July 31, 2006

Credit Crime

Greg Abbott the Attorney General of Texas is focusing on a growing trend of credit card abuse. Many credit card users do not know that a credit card receipt with the full account number and expiration date upon it can be as injurous to your financial security as actually losing your credit card. Such a reciept in the hands of a professional criminal could cost you a great deal of money and many hours and resources trying to clear your name.

In 2003 the Texas Legislature enacted legislation to protect consumers from credit card abuse by requiring all businesses to conceal all of the digits of your account number, except for the last four, and the expiration date, on all receipts paid for with credit or debit cards. The deadline for all Texas retailiers to be in compliance with this law passed with the beginning of this year.
This law does make an exception for transactions in which the only means of recording the credit or debit card number is by handwriting or an imprint of the card. Merchants are also allowed to keep a copy of the receipt with the full account number and expiration date on it to process your transaction. Businesses who continue to print the entire account number on consumer receips are violating the law and can be penalized up to $500.00 for each month of noncompliance. Attorney General Greg Abbott's office and local prosecutors are responsible for the enforcement of this law.

Attorney General Greg Abbott asks the public to contact his office via it's website at
www.oag.state.tx.us or calling (800) 252-8011 to file a consumer complaint if you notice any receipt containing more than the last four digits of a credit card or debit card number.

There are other things suggested to protect your identity and prevent credit/debit card abuse.
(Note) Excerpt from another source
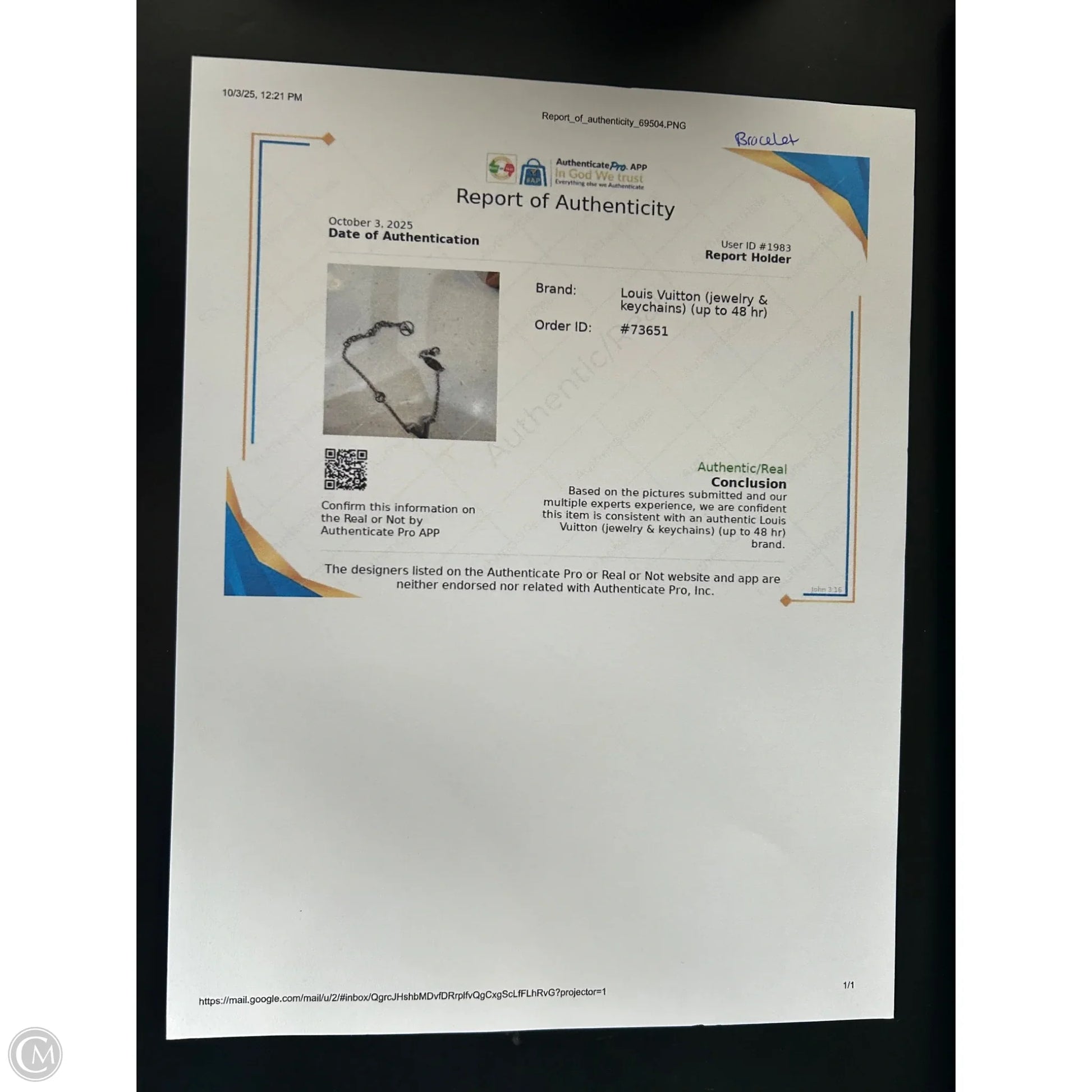 Bracelet Luxury Designer By Louis Vuitton

When using your credit or debit card keep an eye on your card at all times (when possible) to be sure no extra imprints are made. When dining out in Frisco last year, I handed my credit card over to pay for a dinner out my wife and I had taken, two days later I found online that the charge was for nearly double what the receipt said it should be. A few phone calls later got me the information that the waitress had not only been caught padding my credit card but she had admitted to keeping a copy of the card to suppliment her ill gotten gains at a later time. Never allow a salesperson to write down your driver's license or Social Securty number.

Beware of criminals who could tamper with your mail or trash, everyone should have an inexpensive shredder (crosscut is the best to have) to shred all those, "Pre-Approved Credit Card" offers and old bills that have all the information a crook would need to open an account in your name. Last month savvy residents in the Little Elm subdivision known as Villages of Eldorado noticed missing mail and notified the Little Elm post office. Postal officals investigating charged and later prosecuted the substitute mail carrier for allegidly stealing people's mail. Also check catalogues and magazine subscritions to ensure that your card number is not printed on the cover or mail order form (some companies actually do this). If you find it you can contact the company and request it be removed.
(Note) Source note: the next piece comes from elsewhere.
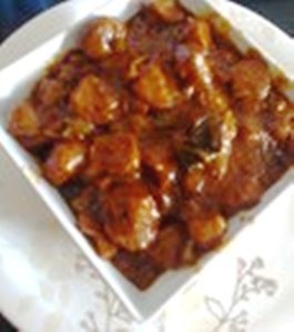 Heat oil in a wok , saute the marinated soya chunks for 2-3 min and remove.Now in the same kadai add little more oil and saute onion, garlic and ginger for 2-3 min. Now add soya chunks and water and close the lid. cook for 5-8 minutes).add tomato ketchup, and other sauces and again mix. add vineager and mix well. now add capsicum and the remaining 2 tbspn of corn flour mixed with little water and cook till the gravy thickens.

Never, ever give out your account number over the telephone unless you initiated the call and know your speaking with a reputable company. Ligitimate companies and financial institutions have polices to never call you and ask for or verify a credit or debit card number over the telephone. Examine your account statements carefull every month. If you suspect your account number has been compromised, immediately contact the financial institution and cancel the card. Failure to do this may leave you responsible for fradulent charges. I've made it a habit of checking all of our account information online at least once a week after finding that my wife's credit card had been hijacked by a teenager in California. I discovered this after seeing charges on my wife's account for thousands of dollars of computer equiptment to be shipped to a California address. Since I found the charge within days of it occuring I was able to stop the shipment and have the offender captured.

The Fair Credit Billing Act protects you if you report the loss of a credit card before it isused and the financial institution cannot hold you responsible for improper charges. If your card is used prior to being reported missing, you can be responsible for the first $50.00 of the unauthorized charges. Early reporting of fraud is extremely important. In addition you should conatct the three primary credit reporting agencies, Experian, Equifax and Trans Union to have a security alert or freeze placed on your credit report to protect your financial security. It is also a great idea to request a copy of your credit report from the Annual Credit Report Request Service (recent laws force credit reporting agencies to provide you with one free report per year). Check your reports for unauthorized account activity and report unauthorized charges and accounts to the appropriate sources quickly. Keep in mind fraudulent use of credit cards is not limited to the loss or theft of actual credit cards. A criminal only needs to know your credit card number to make numerous charges against your account or open new credit accounts in your name. Consumers and law enforcement must work together to fight credit card fraud.